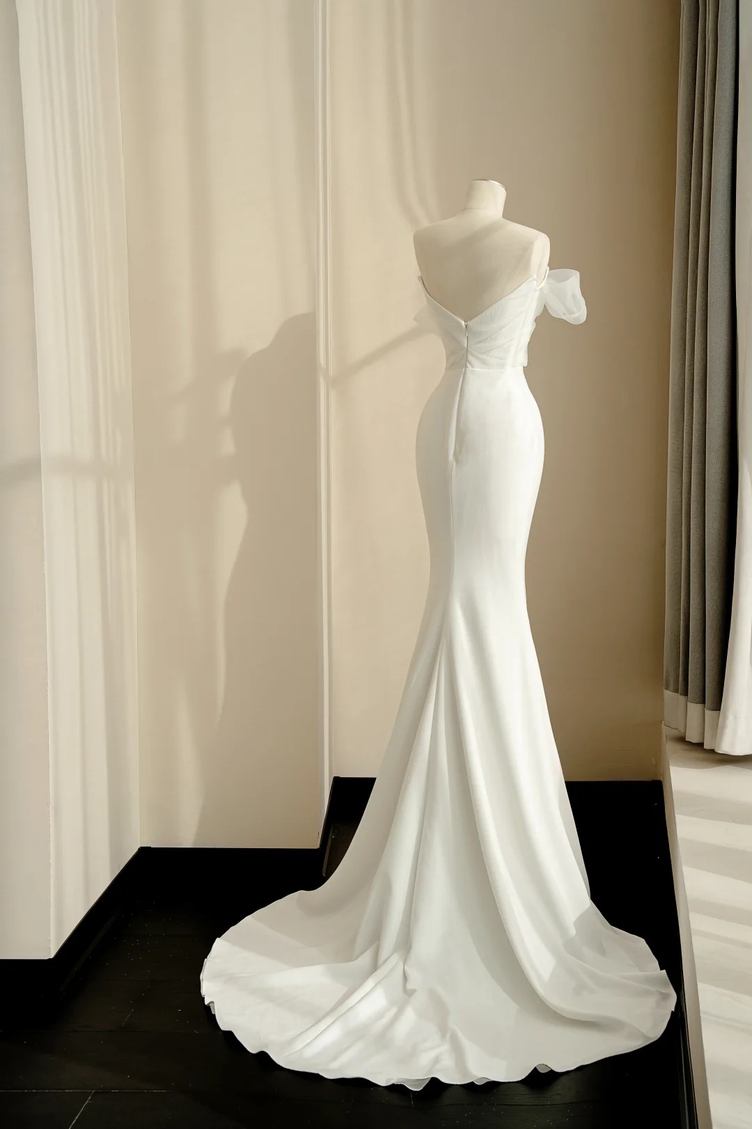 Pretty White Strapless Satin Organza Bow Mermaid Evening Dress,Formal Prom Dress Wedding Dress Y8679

• • • •

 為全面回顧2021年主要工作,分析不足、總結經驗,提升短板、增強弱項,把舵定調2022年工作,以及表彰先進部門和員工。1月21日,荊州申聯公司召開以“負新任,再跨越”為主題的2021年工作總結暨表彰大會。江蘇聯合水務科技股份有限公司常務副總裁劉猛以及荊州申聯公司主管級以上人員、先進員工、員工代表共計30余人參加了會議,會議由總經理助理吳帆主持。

• • • •

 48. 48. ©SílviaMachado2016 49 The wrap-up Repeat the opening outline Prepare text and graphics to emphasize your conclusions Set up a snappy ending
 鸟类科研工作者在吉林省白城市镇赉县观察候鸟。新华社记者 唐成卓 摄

• • • •

**Assigned task:**
Please return the lines above that run from the line containing "48. 48. ©SílviaMachado2016" to the line containing "鸟类科研工作者在吉林省白城市镇赉县观察候鸟。新华社记者 唐成卓 摄", inclusive, exactly and with no other lines.

**Output:**
 48. 48. ©SílviaMachado2016 49 The wrap-up Repeat the opening outline Prepare text and graphics to emphasize your conclusions Set up a snappy ending
 鸟类科研工作者在吉林省白城市镇赉县观察候鸟。新华社记者 唐成卓 摄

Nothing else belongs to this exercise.